Left: Protesters, many Haitian, throw rocks at the line of shielded national guardsmen blocking the entrance to the National Institute of Migration office in Tapachula. Another migrant sets fire to a roadblock of dry brush as cries of “Liberté!” drown out police sirens. Right: National guardsmen march to secure the entrance of the National Institute of Migration office in Tapachula, where hundreds of migrants are waiting outside. (Photos by Salma Reyes/Cronkite Borderlands Project)

Discrimination against migrants was a constant in the countries they passed through. The majority of their journey was by bus, with tickets being more expensive for migrants.

“At the terminal leaving Honduras, they told us, ‘Only 10 foreigners can board, and the rest must be Hondurans,’” Pedro said.

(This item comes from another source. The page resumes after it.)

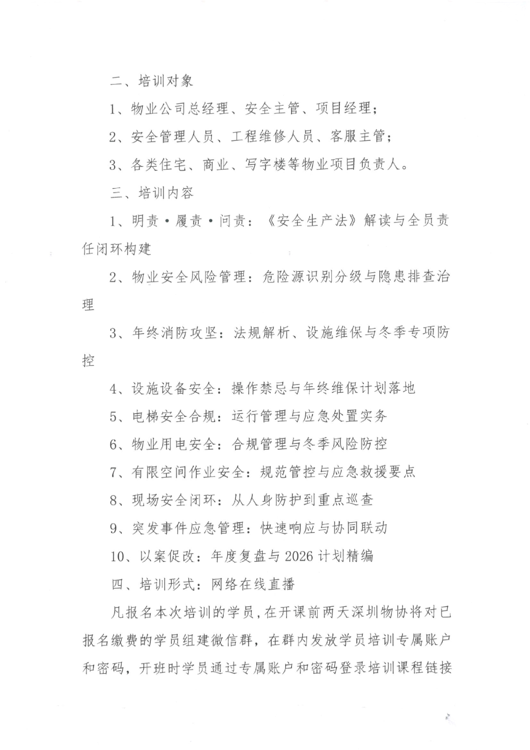 随着冬季来临,物业项目面临用电负荷高、消防隐患多、设备运行压力大等多重挑战。同时,安全管理进入“收口与开局”关键窗口:既要完成年度复盘与隐患清零,也要布好新一年目标与资源配置。现实中,仍存在责任链条不闭环、风险辨识不系统、台账证照不规范、预案演练不落地、协同联动不顺畅等痛点。为此,深圳物协携手中物教育推出,以“年终复盘+冬季防控+开年规划”为主线的系统化实战培训,帮助物业企业打通从“责任到流程、从检查到整改、从预案到演练”的管理闭环,落实隐患清零。 为此深圳物协携手中物教育推出《筑牢安全底线,淬炼硬核能力!——物业安全生产隐患“清零风暴”》专题培训班,邀请多位物业行业资深专家,通过10天直播课程深度讲解,10天直播授课,串联全周期管理,本次培训将系统介绍物业安全生产相关法律法规、风险识别、消防、用电、电梯、有限空间作业、设施设备管理、人身安全防护、应急管理及典型案件剖析等内容,结合年终复盘与来年规划,全面提升物业管理人员的安全意识、风险防控能力和应急处置水平,助力企业构建长效安全管理机制。 通过本次培训,学员将掌握:1、合规到位:深入理解《安全生产法》及行业标准,确保管理行为合法合规;2、风险识别:掌握系统化的风险排查方法,做到“早发现、早预警、早处置”;3、流程提效:学习标准化操作规范与台账管理技巧,提升管理效率;4、应急升级:通过案例教学与模拟演练,提高突发事件应对水平;5、团队协同:加强多部门联动机制建设,形成全员参与的安全文化氛围;6、计划落地:完成年度复盘与下一年度安全计划制定,实现持续改进。 2025年12月5日-12月14日(共10讲,每讲1.5小时),每天晚上19:30—21:00(10节课+两节考试,共12节课)。 1、明责·履责·问责:《安全生产法》解读与全员责任闭环构建 2、物业安全风险管理:危险源识别分级与隐患排查治理 3、年终消防攻坚:法规解析、设施维保与冬季专项防控 凡报名本次培训的学员,在开课前两天深圳物协将对已报名缴费的学员组建微信群,在群内发放学员培训专属账户和密码,开班时学员通过专属账户和密码登录培训课程链接进行在线学习(培训链接以及操作流程在已缴费学员微信群内下发)。 学员在网络学习过程中,因工作或生活等原因未能及时在线学习的,在课程学习期内可随时通过课程视频回看进行学习。 1、会员企业588元/人;企业报名6-10人的(含10人)优惠至488元/人;11人及以上的优惠至388元/人。 1、扫下方二维码,按要求填写报名人员信息,多人报名的,请多次填写提交;(注:报名10人以上的可联系工作人员发送报名表填写反馈,无须扫码报名)

Many times after paying for passage at a makeshift checkpoint, their bus was met by police just down the road demanding more money. To cross into Nicaragua, Pedro paid $150 per person.

“In Guatemala, it was especially terrible because we didn’t have a way to cross the border into Mexico,” Pedro said.

Then they were approached by a coyote, who offered to take the family over the border for $540 – which the Del Valles obviously didn’t have. The coyote threatened to kill them all if they couldn’t come up with the money the next day. Pedro and Carolina hid the family and began sending messages to family members begging for help, and after a few days they had enough money for the coyote.

In Mexico, they were admitted to the Belén shelter to wait for an appointment with COMAR to request a humanitarian visa. Because shelter rules don’t let residents leave unless they have an appointment regarding their visa, the Del Valles were in a tight spot.

“We need to work. We need to shower. Look, we are sleeping on the floor,” Pedro said. “It is not humane, the way that we’re here just thrown on the floor.”

The shelter only serves lunch. Sometimes a passerby will slide a plate of rice or a banana under the gate, but that’s rare, he said.

The family, who received a humanitarian visa April 4, intends to continue north toward the United States, hoping to find a refugee shelter once they reach Texas.

Despite the horrors of the journey to Tapachula, thousands of migrants face additional months – perhaps years – impoverished and trapped in a bureaucratic nightmare. It’s an untenable situation that won’t change until Mexico’s immigration officials address the problem of documentation.